Span requested from the data below: the line with "Stretch wool-blend broadcloth" through the line with "Bringing a touch", both included. Give only these lines again, exactly, and leave every picture out.

■ **Data for this task**

■ ■ ■ ■

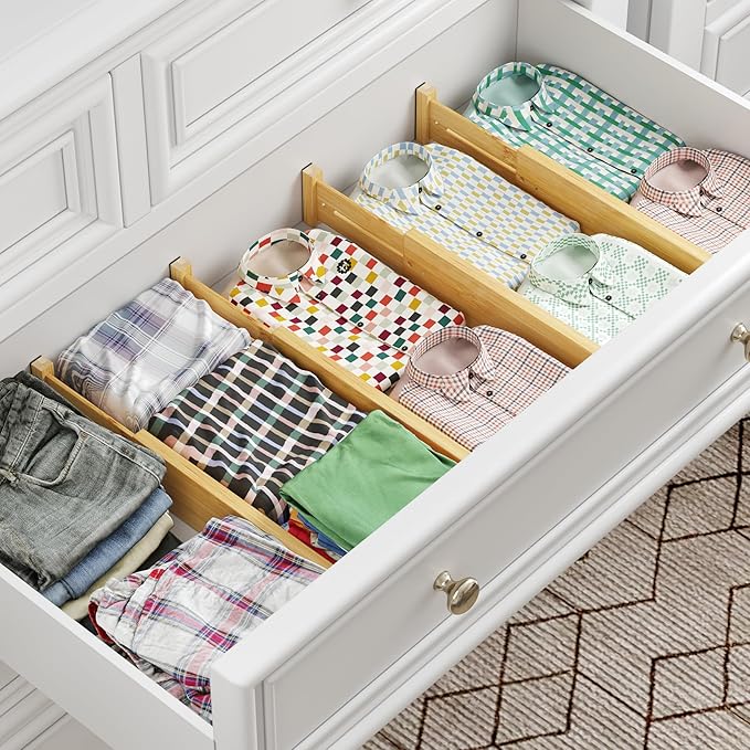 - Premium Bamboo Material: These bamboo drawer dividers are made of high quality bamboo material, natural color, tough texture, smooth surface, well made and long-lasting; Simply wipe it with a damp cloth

■ ■ ■ ■

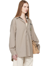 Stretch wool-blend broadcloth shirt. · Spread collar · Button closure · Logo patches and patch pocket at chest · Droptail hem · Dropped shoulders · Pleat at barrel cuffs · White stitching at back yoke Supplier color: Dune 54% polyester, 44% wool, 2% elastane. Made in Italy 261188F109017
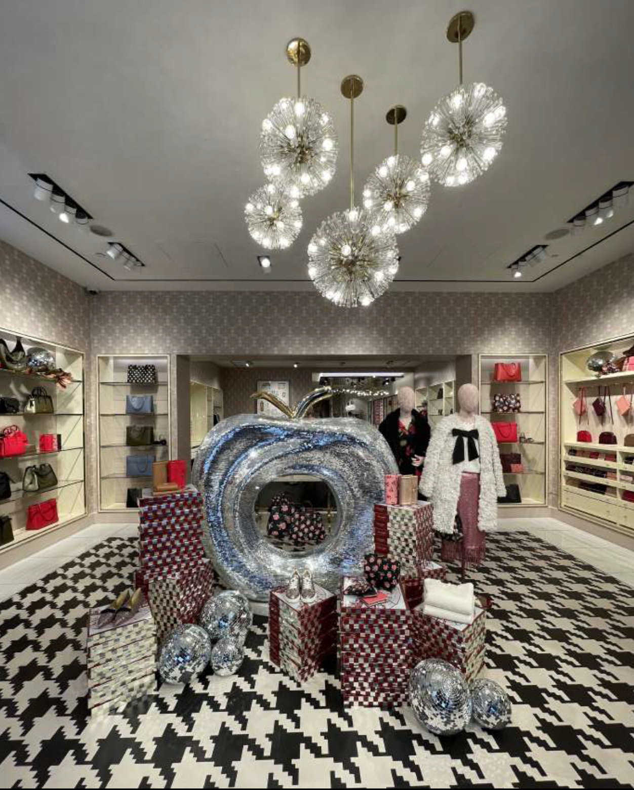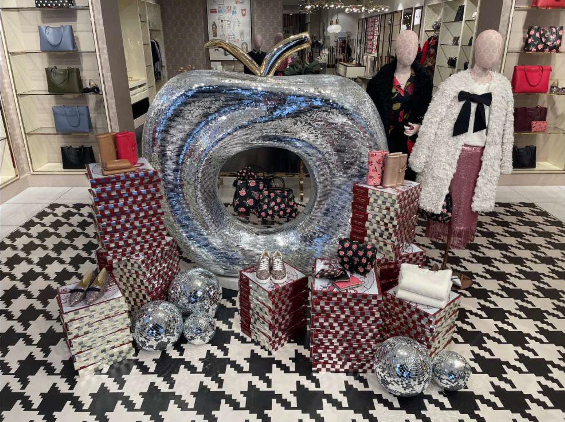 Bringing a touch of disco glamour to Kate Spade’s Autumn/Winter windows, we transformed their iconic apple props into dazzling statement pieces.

■ ■ ■ ■

■ **Response to this task**
 Stretch wool-blend broadcloth shirt. · Spread collar · Button closure · Logo patches and patch pocket at chest · Droptail hem · Dropped shoulders · Pleat at barrel cuffs · White stitching at back yoke Supplier color: Dune 54% polyester, 44% wool, 2% elastane. Made in Italy 261188F109017
 Bringing a touch of disco glamour to Kate Spade’s Autumn/Winter windows, we transformed their iconic apple props into dazzling statement pieces.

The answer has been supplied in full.